## WORK REQUIRED:
Return the records below in full. Keep every word exact and skip the images.

Segment Open

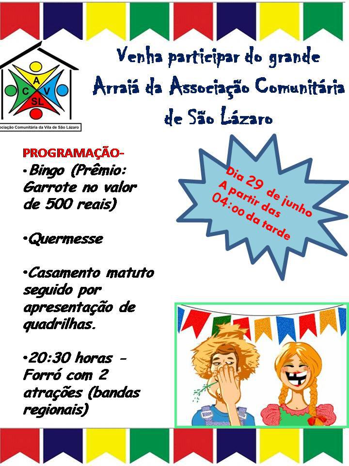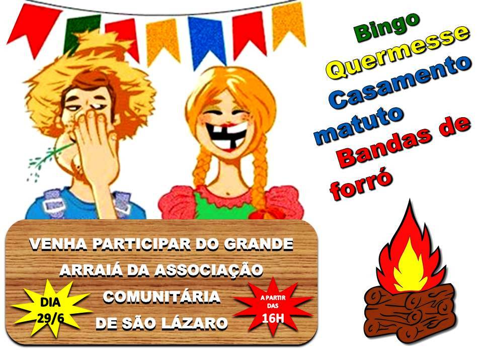 Venha participar do Arraiá da Associação Comunitária de São Lazaro, é neste sábado (29) a partir das 16:00h, estão todos convidados para esta festa matuta.
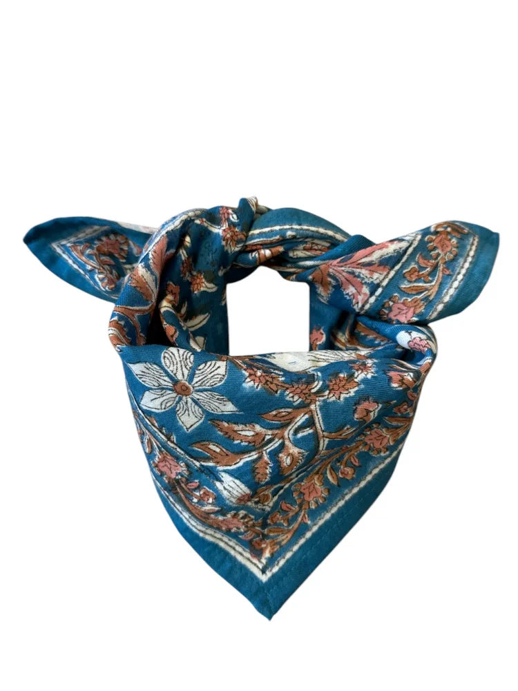 Un carré de coton comme un petit bijou textile, à nouer comme bon vous semble. Le foulard Delhi Orage de chez So Family, avec son bleu intense relevé de motifs floraux, habille les nuques curieuses et les cheveux en bataille. Glissé dans une poche, noué sur une tresse ou autour du cou, il accompagne les aventures du quotidien avec douceur et poésie.
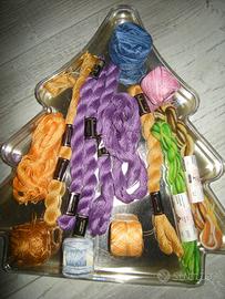 noi vendiamo una scatola con diversi fili "Perlgarn" (una confez. ha 5 g MEZ, Nr. 5, 100 % cottone, ca. 25 m, Made in Germany), in diversi colori beige/viola, giallo, ocra (in tot. 15 pz.) e anche altri fili di Anker Perlgarn Nr. 8 e Nr. 80 (solo avanzi). tutto vedi nella foto. Ideale per che ricama volentieri e ha bisogni di questi fili. Disponibile a Cà Savio a Cavallino-Treporti da subito. Tutto il SET € 25,-
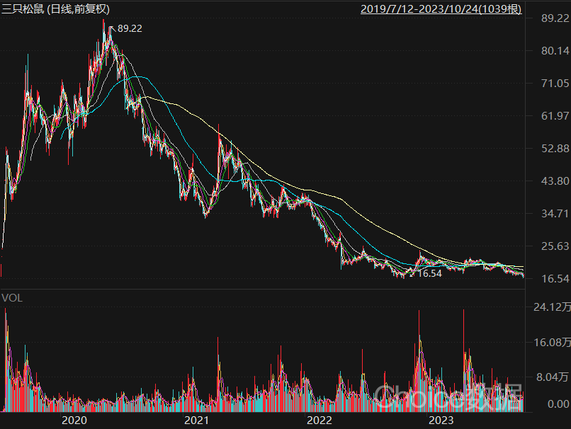 10月23日,公司股价还触及16.70元/股的年内新低。截至10月24日收盘,三只松鼠报17.64元。有投资者对此调侃,“90元时买了三只松鼠,如今只剩下半只”。
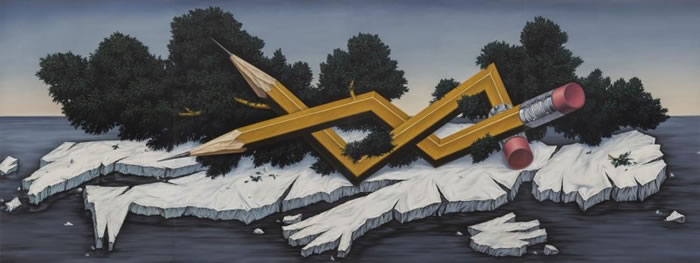 然而,展覽標題的“秘境”兩字應該緊接一個“問號”。博爾赫斯在《莎士比亞的記憶》中提到——人類的三個能力:記憶、理解、意志并非學究式的幻想。周松的“新自然系列”無疑是將這三個能力,最大程度的轉換到他的作品中為他所用。于是,“現實”與“超現實”的碰撞力,“穩定”與“非穩定”間的張力都蓄勢在他的作品里。他的藝術觀念也由此上升至“宇宙觀”與“人類學”的探索。他仿佛就是一個“哲學家”,先拋出一個問題——秘境?繼而,通過不同媒材和觀看角度的藝術創作,不斷辨證探索,制造出荒誕而真實存在的“思考結果”。

Segment Closed

## TASK RESPONSE:
 Venha participar do Arraiá da Associação Comunitária de São Lazaro, é neste sábado (29) a partir das 16:00h, estão todos convidados para esta festa matuta.
 Un carré de coton comme un petit bijou textile, à nouer comme bon vous semble. Le foulard Delhi Orage de chez So Family, avec son bleu intense relevé de motifs floraux, habille les nuques curieuses et les cheveux en bataille. Glissé dans une poche, noué sur une tresse ou autour du cou, il accompagne les aventures du quotidien avec douceur et poésie.
 noi vendiamo una scatola con diversi fili "Perlgarn" (una confez. ha 5 g MEZ, Nr. 5, 100 % cottone, ca. 25 m, Made in Germany), in diversi colori beige/viola, giallo, ocra (in tot. 15 pz.) e anche altri fili di Anker Perlgarn Nr. 8 e Nr. 80 (solo avanzi). tutto vedi nella foto. Ideale per che ricama volentieri e ha bisogni di questi fili. Disponibile a Cà Savio a Cavallino-Treporti da subito. Tutto il SET € 25,-
 10月23日,公司股价还触及16.70元/股的年内新低。截至10月24日收盘,三只松鼠报17.64元。有投资者对此调侃,“90元时买了三只松鼠,如今只剩下半只”。
 然而,展覽標題的“秘境”兩字應該緊接一個“問號”。博爾赫斯在《莎士比亞的記憶》中提到——人類的三個能力:記憶、理解、意志并非學究式的幻想。周松的“新自然系列”無疑是將這三個能力,最大程度的轉換到他的作品中為他所用。于是,“現實”與“超現實”的碰撞力,“穩定”與“非穩定”間的張力都蓄勢在他的作品里。他的藝術觀念也由此上升至“宇宙觀”與“人類學”的探索。他仿佛就是一個“哲學家”,先拋出一個問題——秘境?繼而,通過不同媒材和觀看角度的藝術創作,不斷辨證探索,制造出荒誕而真實存在的“思考結果”。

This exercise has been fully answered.